Чарли чрезвычайно рисковал. Если бы о его действиях стало известно, маньчжурское правительство начало бы его преследовать, а доктор Аллен, и без того неблагосклонно к нему относившийся, мог серьезно подпортить его репутацию в религиозном сообществе. Аллен ненавидел революции и связанное с ними насилие. В публиковавшемся на китайском языке журнале, который он редактировал, доктор Аллен не скупился на самые резкие выражения, осуждая Сунь Ятсена и называя его «гнусным преступником»
[90]. Чарли тщательно скрывал свои политические убеждения. Никто даже не подозревал, что этот обходительный человек и состоятельный бизнесмен, оплот шанхайского общества, – тайный революционер. И мало кому приходило в голову, что внешне благоразумный и дружелюбный Чарли на самом деле страстная, импульсивная натура. Ему хватило нескольких коротких встреч с Сунь Ятсеном, чтобы посвятить себя реализации опасного замысла, который казался неосуществимым. Едва познакомившись с Сунь Ятсеном, Чарли проникся к своему новому другу такими чувствами, что писал ему: «Я не знаю среди китайцев человека более благородного, доброго и патриотичного, чем Вы»
[91].
Когда революция увенчалась успехом, Чарли ничего не потребовал от республиканцев за свою помощь. Он не просил ни высоких постов, ни славы и даже не посетил Сунь Ятсена, когда тот в конце 1911 года приехал в Шанхай и пробыл в городе целую неделю. В ноябре сторонники республики взяли Шанхай, и тогда Чарли неожиданно открыл миссис Робертс свою тайну. Наутро после захвата города он бодрым шагом вошел в ее кабинет. Миссис Робертс радостно и возбужденно заговорила о минувшей ночи. Чарли просиял и заявил: «Вот теперь я могу рассказать вам все»
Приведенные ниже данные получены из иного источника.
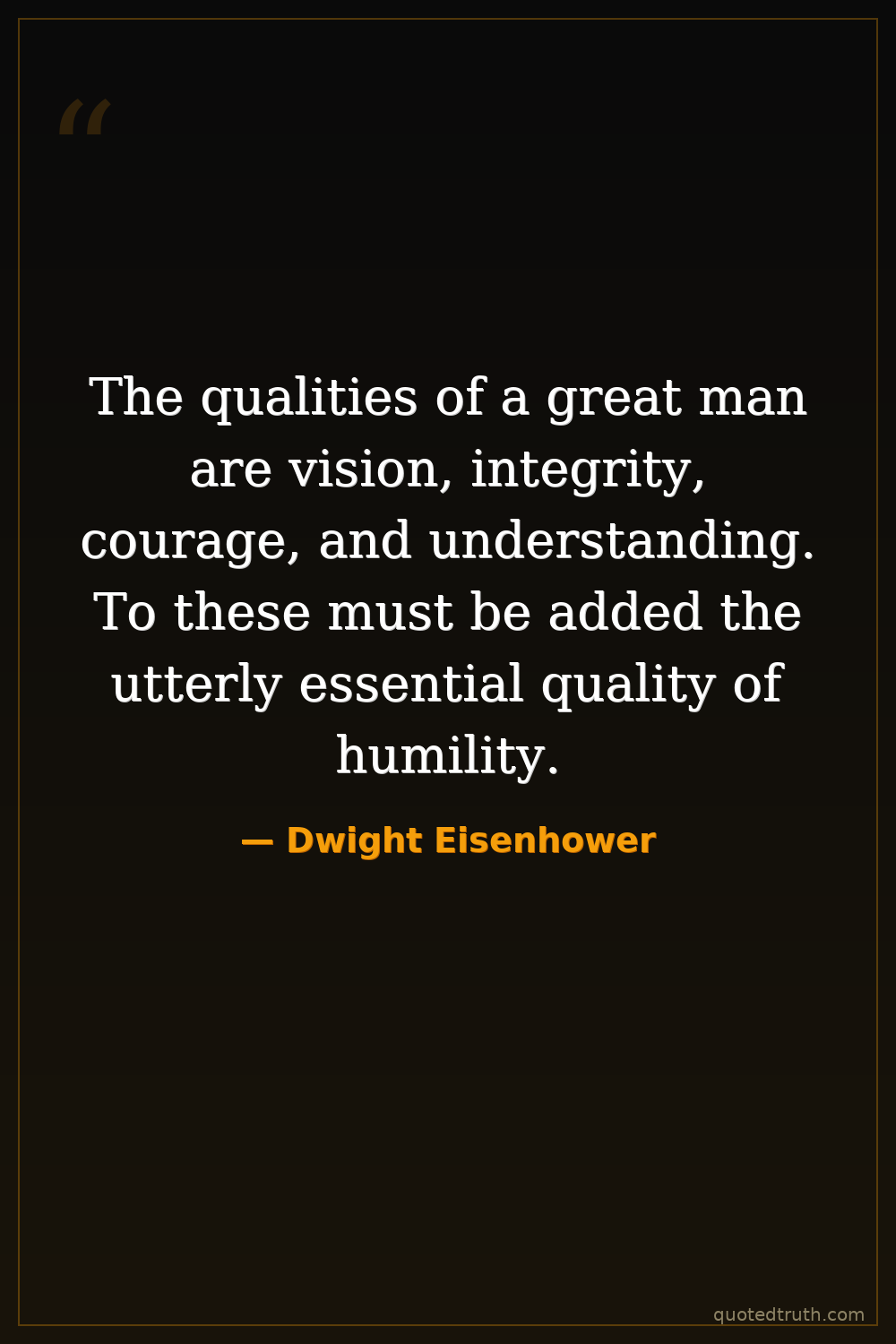 The qualities of a great man are vision, integrity, courage, and understanding. To these must be added the utterly essential quality of humility.

[92]. Много лет спустя в интервью американскому радио миссис Робертс вспоминала: «Он поведал мне о своей давней дружбе с Сунь Ятсеном и о том, как помогал ему всем, чем только мог, особенно деньгами. “Впрочем, я ни разу не удосужился получить расписку на суммы, которые ему посылал”, – с усмешкой добавил он». Как отмечала миссис Робертс, Чарли часто смеялся и «его глаза всегда весело поблескивали». Он поинтересовался у миссис Робертс: «Наверное, вас удивляло, что мы живем так скромно и в таком месте?» Женщина ответила: «Я об этом почти не задумывалась, мне казалось, что вам с миссис Сун несвойственно стремление к показной роскоши, вдобавок мне известно о ваших щедрых пожертвованиях церкви. К тому же у вас немало расходов на образование ваших детей». «Все верно, – подтвердил Чарли, – но я экономил как только мог, чтобы помочь делу Сунь Ятсена, ибо считаю это наилучшим способом помочь моей стране». После этих слов он опять усмехнулся и завел разговор на другую тему – о том, как убедить его сестру приехать в Шанхай, чтобы оградить ее от потрясений революции.